Mercearia vende de tudo, vive cheia e é um belo clássico guardado no Santo Amaro
Laranja, de portas de ferro e lotada de fregueses. Um entra e sai de gente para pedir ou pagar o copo de cachaça já consumido direto para o ‘seo’ Ramos. Há 40 anos, na esquina das ruas Engenheiro Américo Baís e Raniere Mazili, na região do bairro Santo Amaro, a mercearia que leva o sobrenome da família, Ramos, vende de tudo, desde o pão, até a pinga.
O lugar deve ter um tamanho razoável, mas fica pequeno com tanta coisa. As paredes são forradas de cachaças, o balcão de madeira deixa visível em cima e nas prateleiras a variedade até desconexa de produtos.
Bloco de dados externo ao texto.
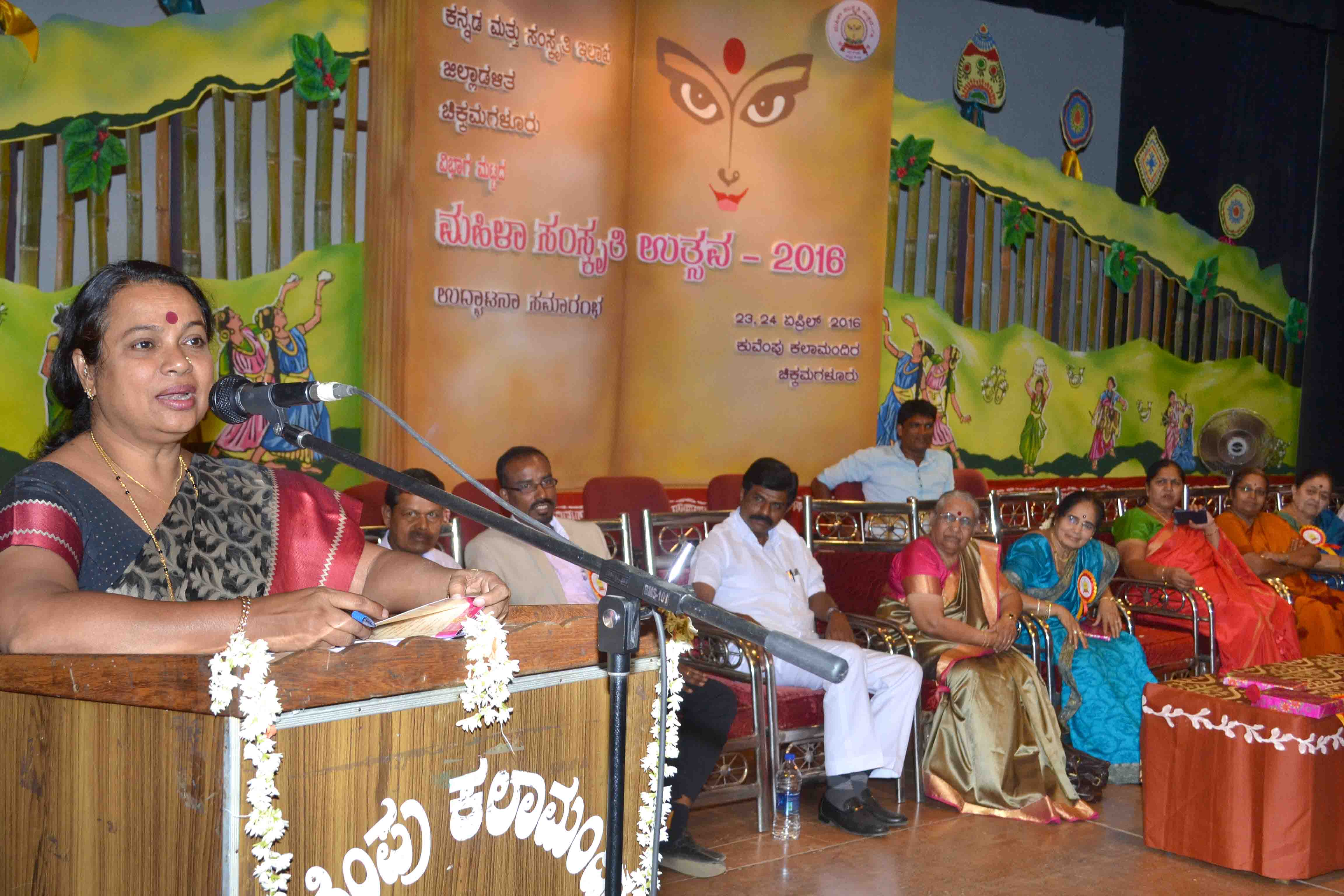 ಇದಕ್ಕೂ ಮುನ್ನ ನಗರದ ಹಳೆ ತಾಲೂಕು ಕಚೆೇರಿ ಆವರಣದಲ್ಲಿ ಮಹಿಳಾ ಸಂಸ್ಕೃತಿ ಉತ್ಸವದ ಅಂಗವಾಗಿ ಆಯೋಜಿಸಲಾಗಿದ್ದ ವಿವಿಧ ಜಾನಪದ ಕಲಾತಂಡಗಳನ್ನು ಒಳಗೊಂಡ ವೈಭವಯುತ ಮೆರವಣಿಗೆಗೆ ನಾಡಿನ ಖ್ಯಾತ ಗಾಯಕಿ ಬಿ.ಕೆ.ಸುಮಿತ್ರಾ ಚಾಲನೆ ನೀಡಿದರು. ಮೆರವಣಿಗೆಯಲ್ಲಿ ಮಹಿಳಾ ವೀರಗಾಸೆ ತಂಡ, ಮಹಿಳಾ ಡೊಳ್ಳು, ಬಂಜಾರನ್ ನೃತ್ಯಗಳು ನೋಡುಗರ ಕಣ್ಮನ ಸೆಳೆದವು. ನಗರದ ಕುವೆಂಪು ಕಲಾಮಂದಿರದ ವೇದಿಕೆಯನ್ನು ಕಲಾವಿದ ಜಗದೀಶ್ ಮತ್ತು ತಂಡದವರು ಬಹು ಸುಂದರವಾಗಿ ವಿನ್ಯಾಸಗೊಳಿಸಿದರು. ಶಾಂತಿನಿಕೇತನ ಕಲಾ ಮಹಾವಿದ್ಯಾನಿಲಯ, ಕನ್ನಡ ಮತ್ತು ಸಂಸ್ಕೃತಿ ಇಲಾಖೆಯ ಸಹಯೋಗದಲ್ಲಿ ನಡೆದ ರಾಷ್ಟ್ರಮಟ್ಟದ ಚಿತ್ರಕಲಾ ಶಿಬಿರದಲ್ಲಿ ಕಲಾವಿದರ ಕುಂಚದಿಂದ ಒಡಮೂಡಿದ ಹಲವು ಕಲಾಕೃತಿಗಳು ಕಾರ್ಯಕ್ರಮಕ್ಕೆ ಇನ್ನಷ್ಟು ಅಂದ ಹೆಚ್ಚಿಸಿತ್ತು.

Bolacha de maisena, do lado de acetona, que por sua vez faz companhia ao miojo, erva de tereré, materiais para consertos elétricos e um cordão de chinelos que decora a mercearia de um lado a outro.
“Aqui tem de tudo um pouco. A gente tenta pelo menos, essa semana faltou duas vezes. Quando falta eu anoto para comprar”, explica o dono, Joamir Rodrigues Ramos, de 65 anos. O que estava em falta nos últimos dias era feijoada, que agora comprada volta à prateleira por R$ 7,20.
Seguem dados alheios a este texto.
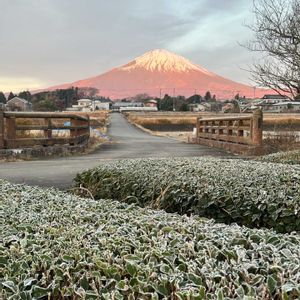 今朝の赤富士と橋と、霜が降りた茶畑の葉 (2024012.11, 6;48〜御殿場市,小山町より)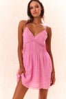 The Docilia Dress returns as part of our Upcycled Icons Collection, a limited-edition, sustainable capsule featuring our best-selling silhouettes made from remnant LoveShackFancy fabrics. Warm weather perfection, this flirty mini dress has a flattering silhouette with lace insets and pintucking details. The dress features a smocked back, spaghetti straps, and an airy skirt finished with lace.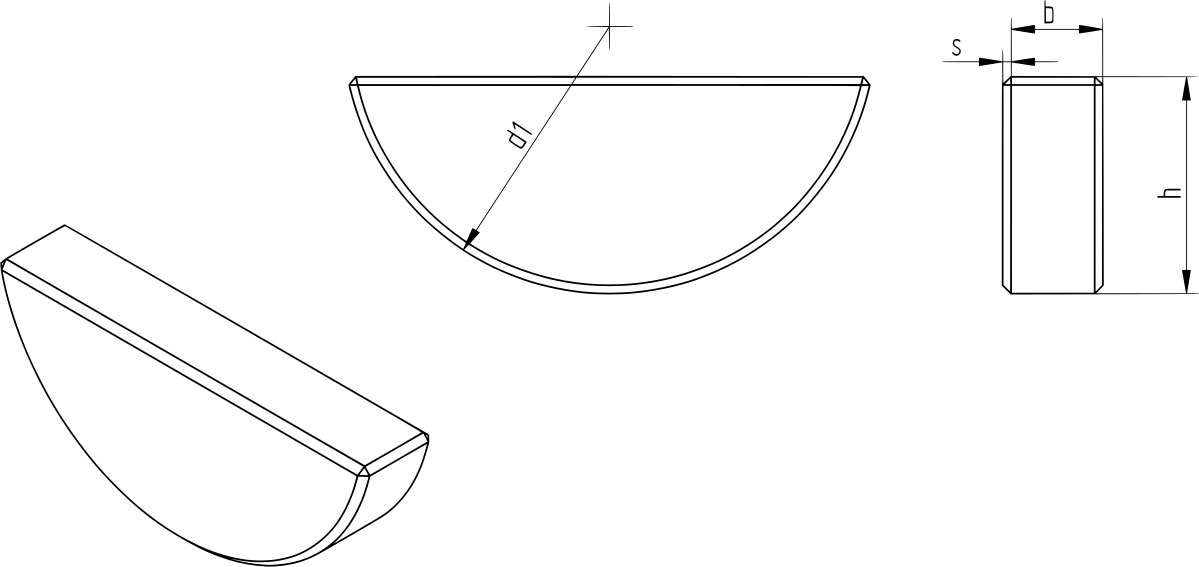 Full-radius half-moon keys are a full half-circle in size, which fully interface with the shaft's key seat. When measuring and ordering full-radius woodruff keys, you'll only need to take into account the width of the key and its height. The length can be derived from the key's height.

Os preços estão nas etiquetas, mas por estarem mesmo. Porque pelo seo Ramos, nem precisava, os valores estão todos na memória. A mercearia era do avô, que passou para o pai de Joamir e nos últimos nove anos, ficou para o último dos Ramos que tem a raiz de comerciante. Desde então, é ele quem toca o lugar sozinho. Quer dizer, só entre aspas, porque não tem horário que não tenha freguês para comprar pão, café ou tomar uma pinguinha.
“Te agrada passar o dia aqui, tem sempre alguém para conversar com a gente. E se estiver perturbando, eu já mando ficar para lá”, avisa. “Em quase 40 anos aqui, nunca saiu uma briga de faca, revólver. Nem polícia vem aqui, é todo mundo conhecido, aposentado”, explica.
E dentro do contexto das brigas, Joamir toma todo cuidado na hora de se precaver. Os machados, as enxadas e até um carrinho de pedreiro tinham mais saída quando eram expostos. Os produtos também são vendidos na mercearia, mas do balcão para trás. “Em briga, cada um podia pegar um machado. Aí não dava”. Por segurança dos próprios clientes, Ramos agora esconde as ferramentas. A medida refletiu e o machado que custa R$ 38 já está encostado há meses. “É que antes, como ficava lá fora, as pessoas viam”, argumenta.
A procura da clientela é mais por bebida mesmo, mas como ali tem de tudo, dá até para virar justificativa em casa. De que o cliente foi comprar pão, café, ou até mesmo um par de botinas e tomou um copinho. “Aqui não se volta para casa sem nada e sem tomar pinga. Tem muitas pessoas que já vem comprar o pão, levar o café e tomar a cachaça”, narra.
O horário de funcionamento é das 7h às 13h com direito a uma longa pausa. Depois do almoço, Ramos só abre às 5h da tarde para esticar até a noitinha, lá por volta das 22h.
E como mercearia que se preze vende fiado na caderneta, a freguesia fiel de Ramos tem seu próprio caderno de compras. “Seo Orlando, seo Vitório, Postero, Claudinha, Luan e Bianca. Eles chegam aqui e vai direto no caderno, não tem que ficar caçando a conta em um só”, explica Joamir.
Pergunto se são apenas estes, ele afirma que não. “Isso é o que fica aqui, fora quem fica com a caderneta na casa deles”. Na ponta da língua, o proprietário descreve um cotidiano quase inexistente nos dias de hoje.
“Não quero modernizar nada. Esse ano vou me aposentar. Os filhos estão tudo criados. Uma é nutricionista, o outro é gerente de banco. Em 40 anos disso aqui eu fiz 10 casas de aluguel. Vou agora é comprar uma chacrinha no meio do mato, trabalhar não quero mais não”.
Ah, e os 65 anos de vida mencionados no início da reportagem, seo Ramos completou na última sexta-feira, de portas abertas, vendendo à clientela, do pão à pinga.